In Book 1, Chapter 1, Amory meets Monsignor Darcy for the first time. The two hit it off immediately, and Fitzgerald makes a clever allusion to describe Monsignor's appearance and cement is appeal to the young Amory.
Monsignor was forty-four then, and bustling—a trifle too stout for symmetry, with hair the color of spun gold and a brilliant, enveloping personality. When he came into a room clad in his full purple regalia from thatch to toe, he resembled a Turner sunset, and attracted both admiration and attention.
In order to illuminate Monsignor Darcy for the reader, Fitzgerald makes an allusion that compares Monsignor's outfit to the legendary paintings of the 19th century English painter, J. M. W. Turner, who frequently depicted sunsets as overwhelming washes of color. Through this invocation of visual art, Fitzgerald tethers Darcy's description to clear visual imagery while also emphasizing the priest's over-the-top, patrician tastes in art and literature. As he does throughout the novel, Fitzgerald's language adopts elitist references of its own in order to keep pace with the characters at hand and to satirize their extreme wealth and pseudo-sophistication.
In Book 1, Chapter 3, Amory has a startling lapse in his cool, calculating demeanor as his sanity appears to waver on a night out with his friends in New York. In the sequence that follows, Fitzgerald uses a host of literary devices—including imagery, metaphor, and simile—to detail Amory's hallucinogenic feeling of horror:
There was a minute while temptation crept over him like a warm wind, and his imagination turned to fire, and he took the glass from Phoebe's hand.
Fitzgerald's language mirrors Amory's feverish state of mind through the use of tactile imagery ("warmth" and "fire"), which appears in both a simile and a metaphor. Amory's sudden feeling of temptation—the urge to indulge after an uncharacteristically sober evening—feels like a "warm wind." And then, as his mind begins to hallucinate, his brain "turns to fire." The incendiary, even violent undertone of this metaphor anticipates the horrifying sequence to come, in which Amory will see a mysterious man who seems to be his deceased friend, Dick Humbird.
Until this point in the novel, Amory has seemed to be unaffected by the sudden death of Humbird in a horrible automobile accident. The intense mood shift that this passage precipitates reflects the intensity of Amory's sudden confrontation with Humbird and, for that matter, with his own unprocessed emotions.
In Book 1, Chapter 3, the illustrious Monsignor Darcy tries to give Amory some much-needed advice. In doing so, he uses a luminous metaphor to put Amory's growing pains in the perspective of the long arc of an entire human life:
[...] and don't worry about losing your "personality," as you persist in calling it; at fifteen you had the radiance of early morning, at twenty you will begin to have the melancholy brilliance of the moon, and when you are my age you will give out, as I do, the genial golden warmth of 4pm.
This is one of many metaphors of age and the process of getting older in This Side of Paradise.
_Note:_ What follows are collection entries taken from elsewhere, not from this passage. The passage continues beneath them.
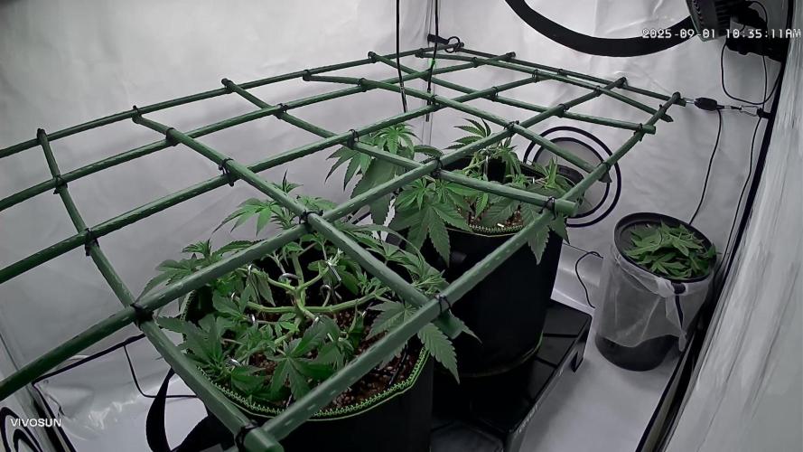 Das ScroG-Netz wird täglich leicht nachjustiert, um alle Triebe auf einer Höhe zu halten und die Fläche vollständig auszunutzen. Der Blätterteppich ist jetzt schön ebenmäßig – perfekte Basis für die kommende Bud-Entwicklung.
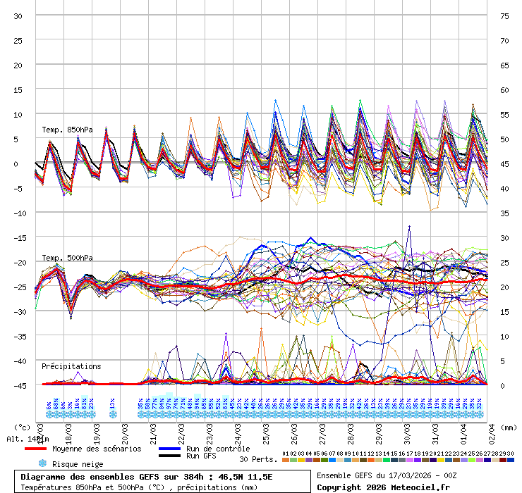 Grafico ensemble coordinata 46.5N - 11.5E
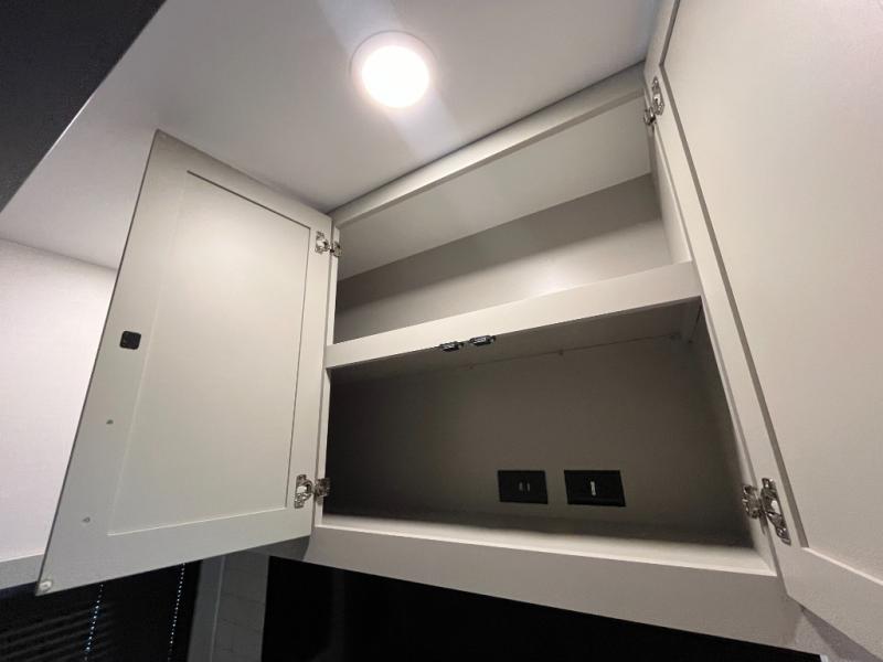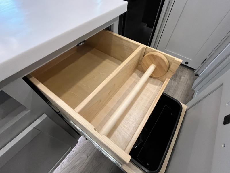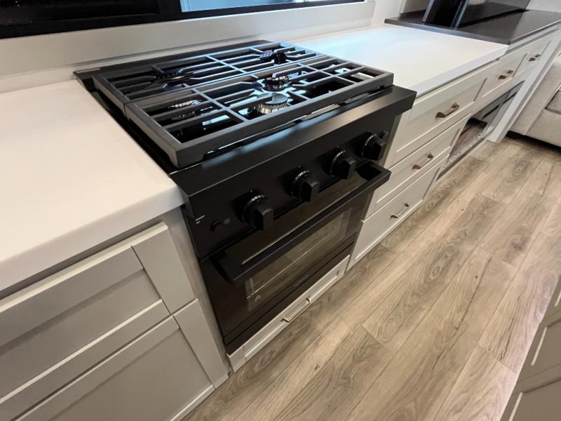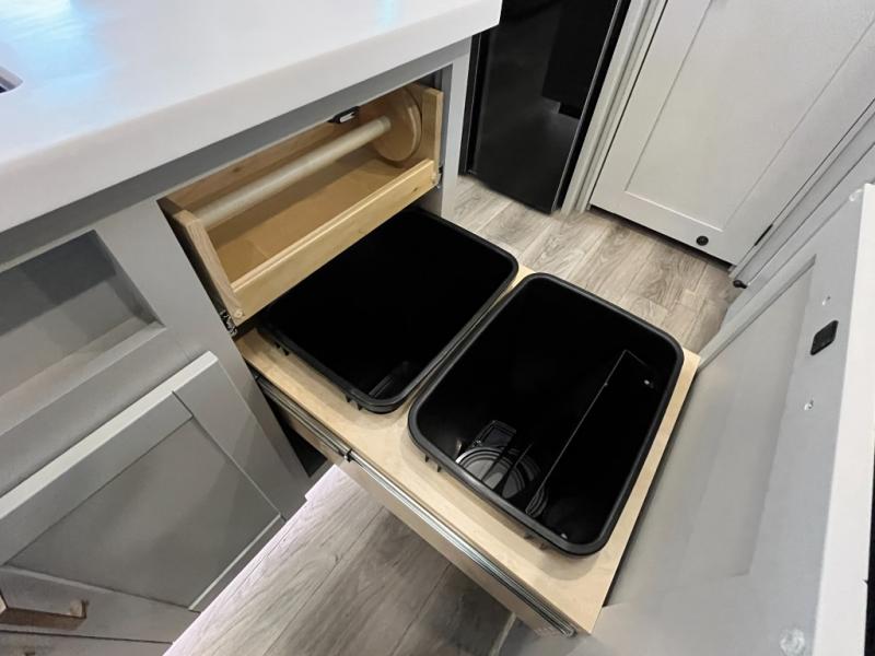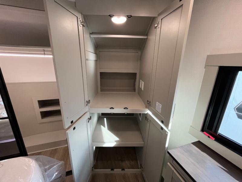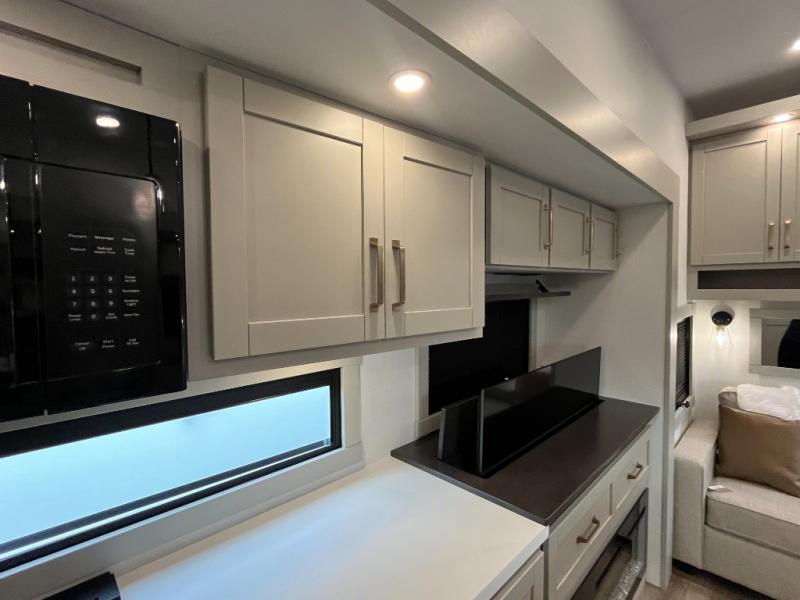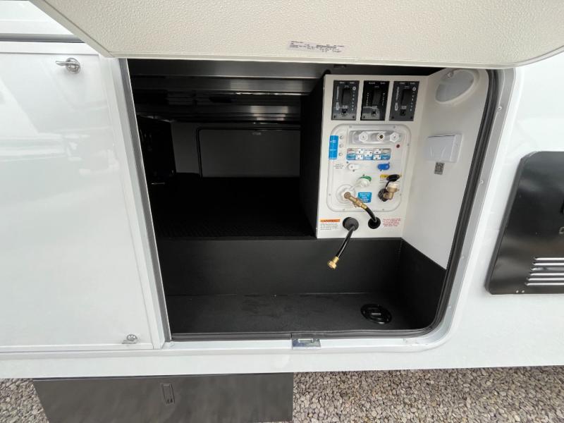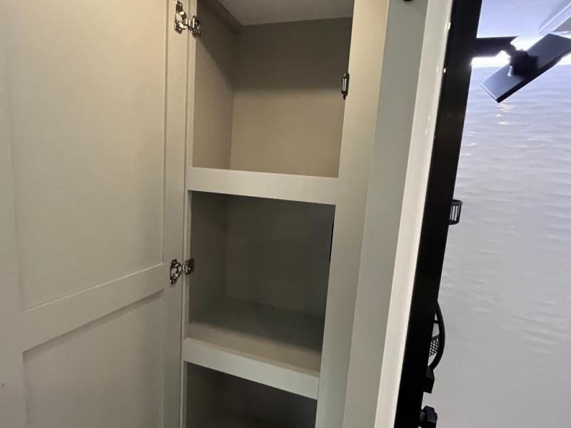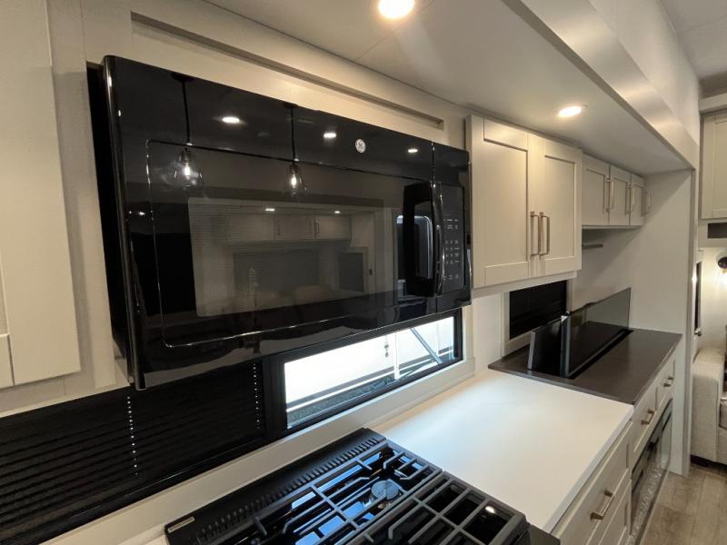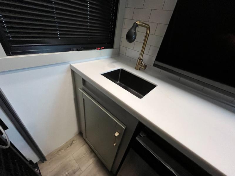You're going to love every minute spent in this triple slide out fifth wheel! Once you arrive at the campground, you can put out the two side awnings, set up the rear patio and awning, then make lunch on the outdoor kitchen! There is also an outdoor TV here, a bar sink, and a refrigerator to keep drinks close by! Inside, the chef will find everything they need if the weather isn't cooperating, including a 30" residential microwave, 16 cu. ft. refrigerator, plus a large kitchen island, complete with dual trash bins and dog bowls at the foot. Your crew can get cozy on the tri-fold sofa that extends to a 54" x 70" bed for guests, and there is theater seating across from the televator and fireplace for easy viewing! You will find the front private bedroom ultra accommodating with its king bed slide out, sliding dresser top with hidden storage, your own TV, and a front wardrobe with shelves and a shoe rack. There is even washer and dryer prep if you want the option to make laundry day that much easier!

Monsignor uses the imagery of changing light to reassure Amory that he is progressing and growing well and that there is much change and growth to come. At this moment in the novel, Amory just wants to be "radiant"—attractive, desirable, and high-class—and doesn't want any of this radiance to fade. Monsignor's metaphor provides some consolation that his radiance will change but won't diminish. What's more, with this use of imagery and metaphor, the text itself seems to glow with the warmth of Monsignor's words and his affection for Amory.
In Book 2, Chapter 5, at the close of This Side of Paradise, Amory finally understands himself after a novel of striving for some unreachable persona. Fitzgerald imbues this triumphant sequence of realization with the imagery of light and glass:
And he could not tell why the struggle was worth while, why he had determined to use to the utmost himself and his heritage from the personalities he had passed...
He stretched out his arms to the crystalline, radiant sky.
"I know myself," he cried, "but that is all."
Fitzgerald encapsulates all the fragility and beauty of Amory's self-knowledge in This Side of Paradise within his description of the sky at the very moment of Amory's inspiration. Using the visual imagery of a shining glass crystal or prism—a symbol of his new clarity—Fitzgerald casts the sky as a gorgeous but delicate object before Amory's eyes: a glowing mirror to Amory's new but nonetheless tenuous grasp on life and its meaning.
This is the moment that Amory becomes a fully realized human being, or, rather, the moment that Amory fully realizes that it is enough in this new modern world to understand oneself—and that it's unnecessary to aspire to anything more. This act of knowing is a delicate, paradoxical, and extremely personal affair. Like a shard of crystal, it is beautiful but extraordinarily fragile.